• _Required action_: Could you repeat the entries below exactly, but only from the line with "WingRiders ranks among" through the line with "Very unique and", and without any picture?

**** Dataset entries

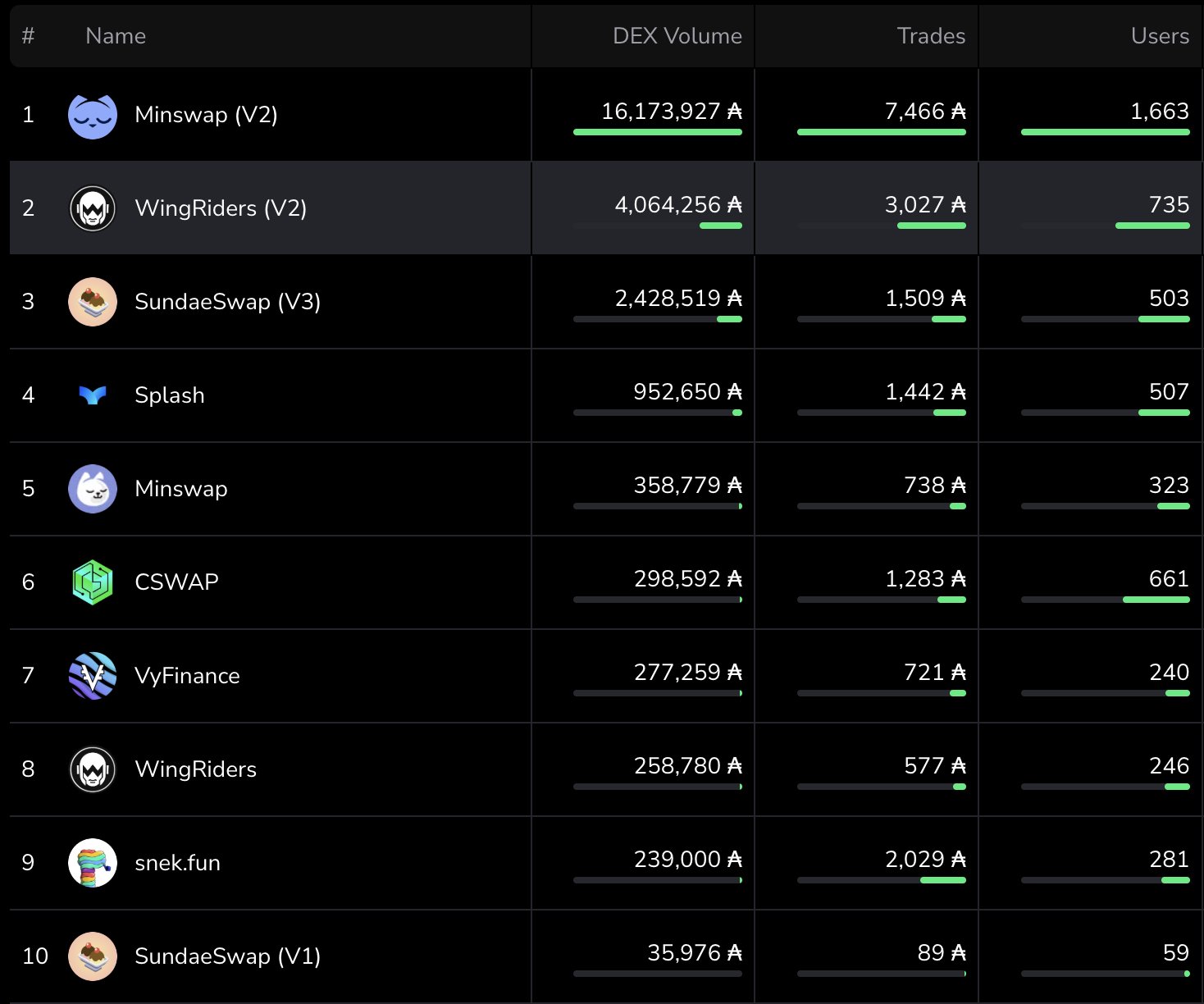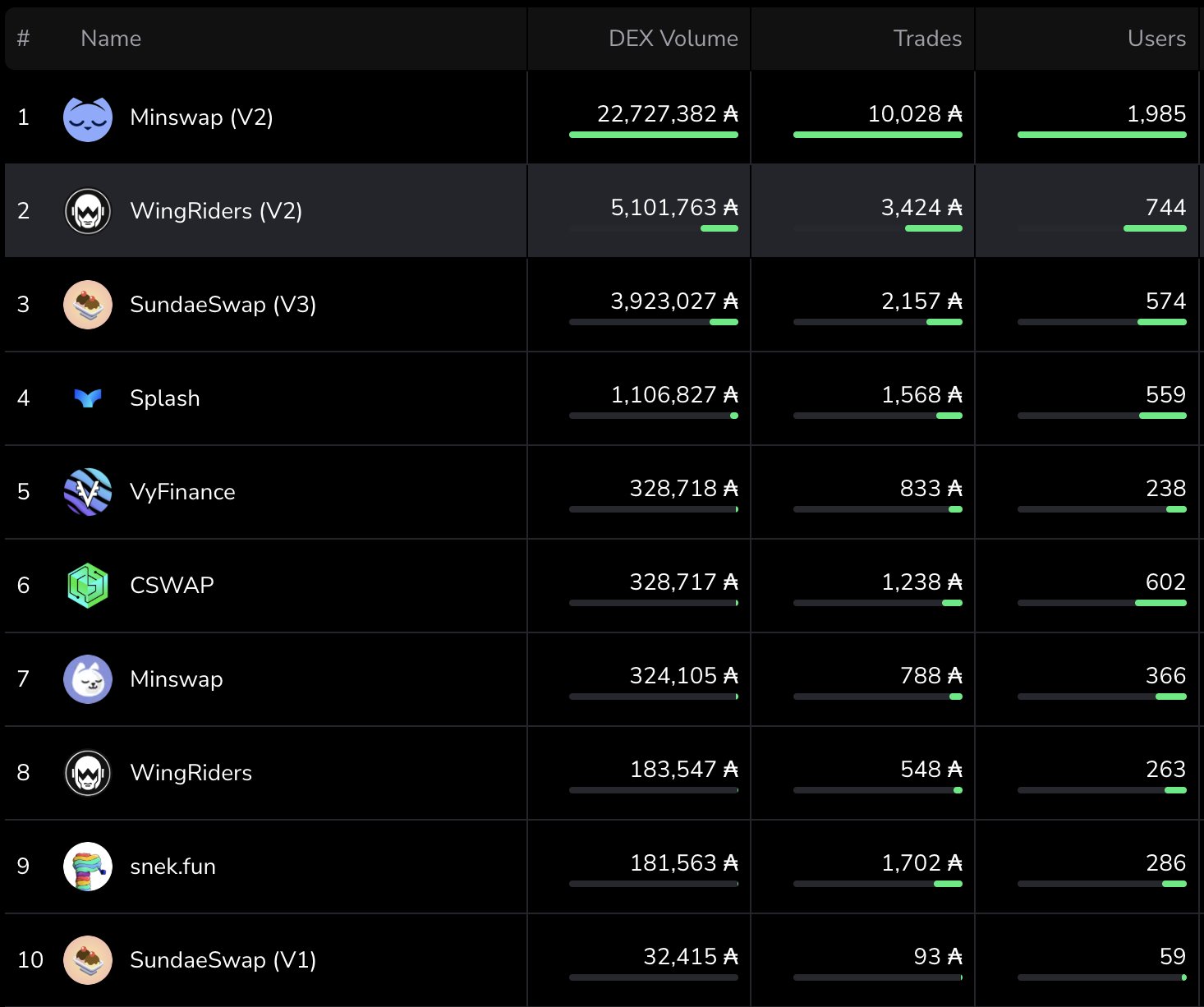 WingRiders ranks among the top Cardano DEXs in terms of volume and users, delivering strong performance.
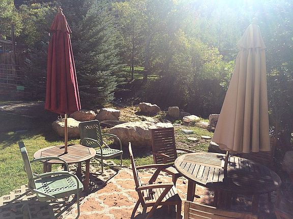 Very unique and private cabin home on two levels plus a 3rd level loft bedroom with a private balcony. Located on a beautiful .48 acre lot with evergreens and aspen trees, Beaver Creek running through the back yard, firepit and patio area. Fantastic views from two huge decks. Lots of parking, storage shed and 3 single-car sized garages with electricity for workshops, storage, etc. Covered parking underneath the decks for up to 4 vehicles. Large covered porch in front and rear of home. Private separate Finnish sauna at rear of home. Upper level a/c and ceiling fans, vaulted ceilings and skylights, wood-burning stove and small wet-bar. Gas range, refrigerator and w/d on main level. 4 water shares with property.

********
**** Dataset entries

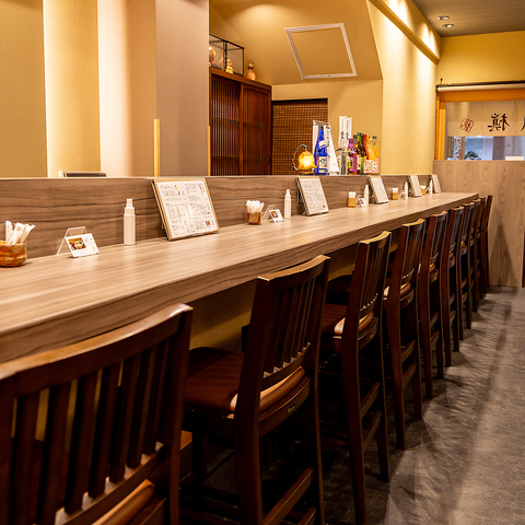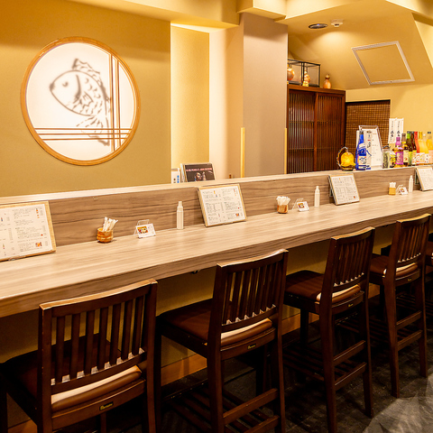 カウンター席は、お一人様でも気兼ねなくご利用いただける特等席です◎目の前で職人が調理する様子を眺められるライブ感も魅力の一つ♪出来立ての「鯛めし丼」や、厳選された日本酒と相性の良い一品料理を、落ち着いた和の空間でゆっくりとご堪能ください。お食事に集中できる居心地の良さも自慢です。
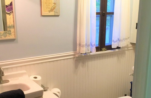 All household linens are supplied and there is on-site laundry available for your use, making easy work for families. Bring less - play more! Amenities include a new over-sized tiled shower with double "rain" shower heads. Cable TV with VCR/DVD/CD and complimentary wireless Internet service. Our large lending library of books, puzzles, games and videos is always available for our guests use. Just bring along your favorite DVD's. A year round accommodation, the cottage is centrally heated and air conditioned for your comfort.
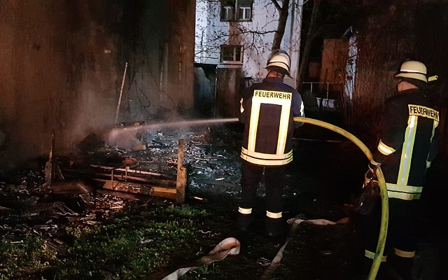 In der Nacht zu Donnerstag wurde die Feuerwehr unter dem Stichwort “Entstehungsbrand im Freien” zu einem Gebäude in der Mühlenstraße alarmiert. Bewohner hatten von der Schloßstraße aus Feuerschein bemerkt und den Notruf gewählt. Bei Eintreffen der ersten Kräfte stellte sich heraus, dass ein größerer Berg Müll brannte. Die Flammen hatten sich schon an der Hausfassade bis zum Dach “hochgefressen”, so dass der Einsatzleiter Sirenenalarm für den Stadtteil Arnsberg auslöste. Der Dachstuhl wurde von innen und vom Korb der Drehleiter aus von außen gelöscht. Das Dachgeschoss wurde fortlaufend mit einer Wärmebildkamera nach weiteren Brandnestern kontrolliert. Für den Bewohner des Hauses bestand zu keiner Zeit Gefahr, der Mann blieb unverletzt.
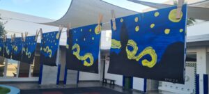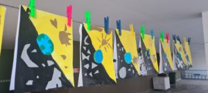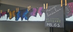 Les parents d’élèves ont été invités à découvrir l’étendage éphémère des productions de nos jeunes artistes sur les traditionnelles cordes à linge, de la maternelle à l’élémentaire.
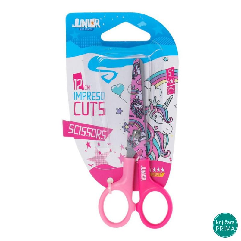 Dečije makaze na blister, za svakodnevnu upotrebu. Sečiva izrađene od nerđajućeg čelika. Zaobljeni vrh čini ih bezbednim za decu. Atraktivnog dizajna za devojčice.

********

• _Output of the exercise_:
 WingRiders ranks among the top Cardano DEXs in terms of volume and users, delivering strong performance.
 Very unique and private cabin home on two levels plus a 3rd level loft bedroom with a private balcony. Located on a beautiful .48 acre lot with evergreens and aspen trees, Beaver Creek running through the back yard, firepit and patio area. Fantastic views from two huge decks. Lots of parking, storage shed and 3 single-car sized garages with electricity for workshops, storage, etc. Covered parking underneath the decks for up to 4 vehicles. Large covered porch in front and rear of home. Private separate Finnish sauna at rear of home. Upper level a/c and ceiling fans, vaulted ceilings and skylights, wood-burning stove and small wet-bar. Gas range, refrigerator and w/d on main level. 4 water shares with property.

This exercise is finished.